The vintage I have chosen, 2016, probably has more of a seven- to nine-year window, not least because it is drinking so beautifully now that I suspect people will struggle to stop themselves opening it. I was hard pressed to make a bottle last two nights, between me, myself and I. Its tannins are present, but supple and plump, and backed with a certain freshness of acidity as a counterpoint to its nicely ripe black fruit. It is lip-smacking and moreish.

Curious about its approachability, I had a look at the technical sheet for the 2016. Unlike many a tech sheet, this proved highly informative. Chris Williams, winemaker at Meerlust (whose personal wine label is The Foundry), explained that 2016 was dry (year two of the three-year Cape drought) but cool. The coolness perhaps explains both the freshness of fruit and the fine thread of acidity (TA 5.9 g/l, pH 3.52 for those interested).

More importantly, uneven fruit set and slow ripening meant uneven ripeness in the Cabernet Sauvignon while Merlot apparently shone. Consequently, the 49% Cabernet Sauvignon in the blend is the lowest in Rubicon history, with 28% Merlot, 20% Cabernet Franc and 3% Petit Verdot making up the remainder. In addition, extraction during fermentation was deliberately gentle with the Cabernet, reflected in the supple tannic structure.

The wine spent 16 months in 55% new Nevers oak barrels, with the oak giving cedar and some incense-like spice notes which worked in harmony with tobacco-leaf aromas that are most likely from the Cabernet Franc component. This was a wine that brought a smile to my face, which is just what an impulse purchase on the way home should do. I scored it 17/20.

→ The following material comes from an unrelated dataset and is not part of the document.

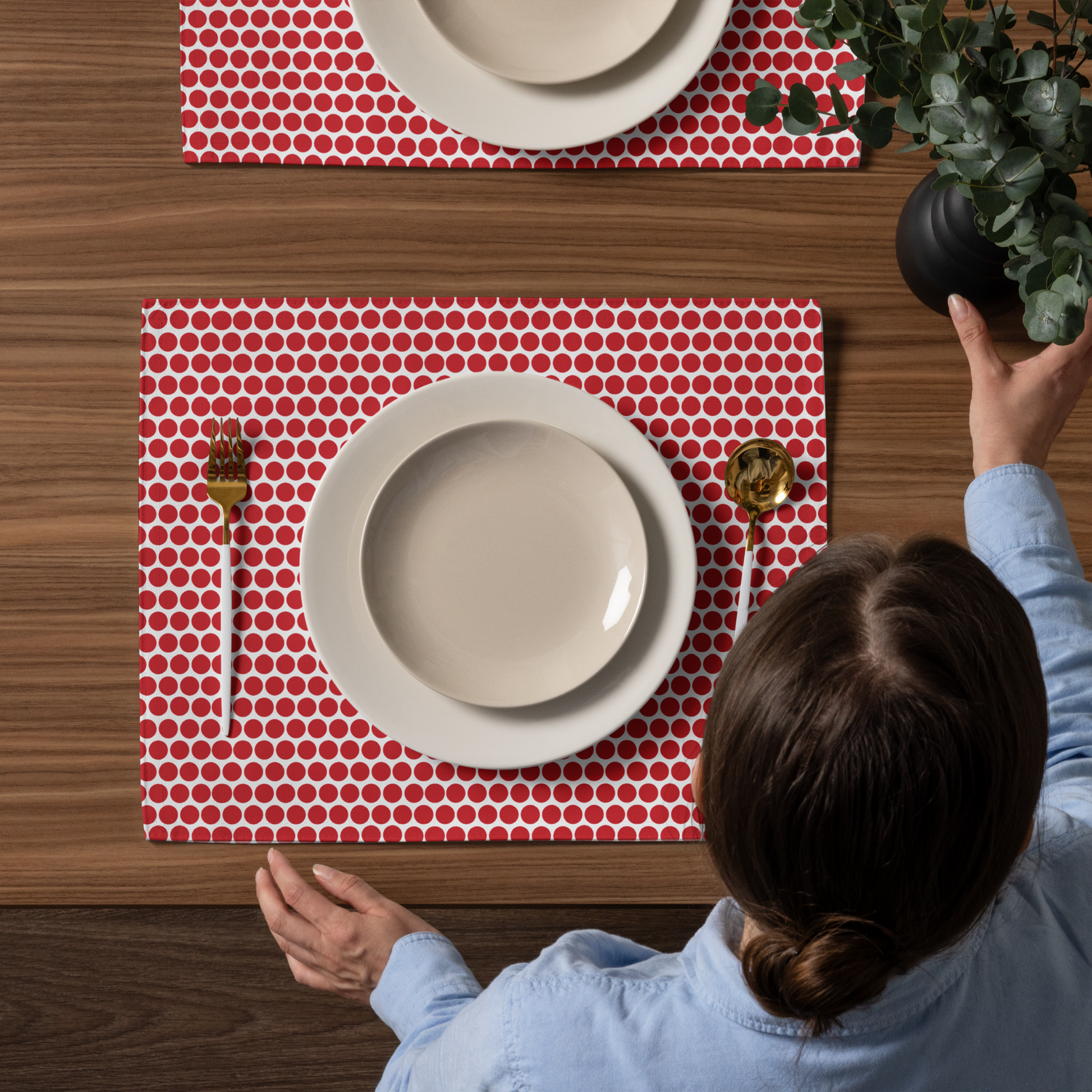 Turn your holiday meals into a celebration with Red Polka Dot Polyester Placemats. Bold, bright, and playful, these spots bring a cheeky holiday vibe to every table. Designed to match our table runners + napkins for a coordinated set.

Finally, if it is one thing to launch a category and another to do it well, then it is yet another to do it at reasonable prices with wide availability. Thankfully, Rubicon hits these points too. Wine-Searcher shows it will set UK buyers back £23.50, US $29.99 and €23.80 for those in continental Europe, with plenty of availability in other markets, not least in South Africa itself.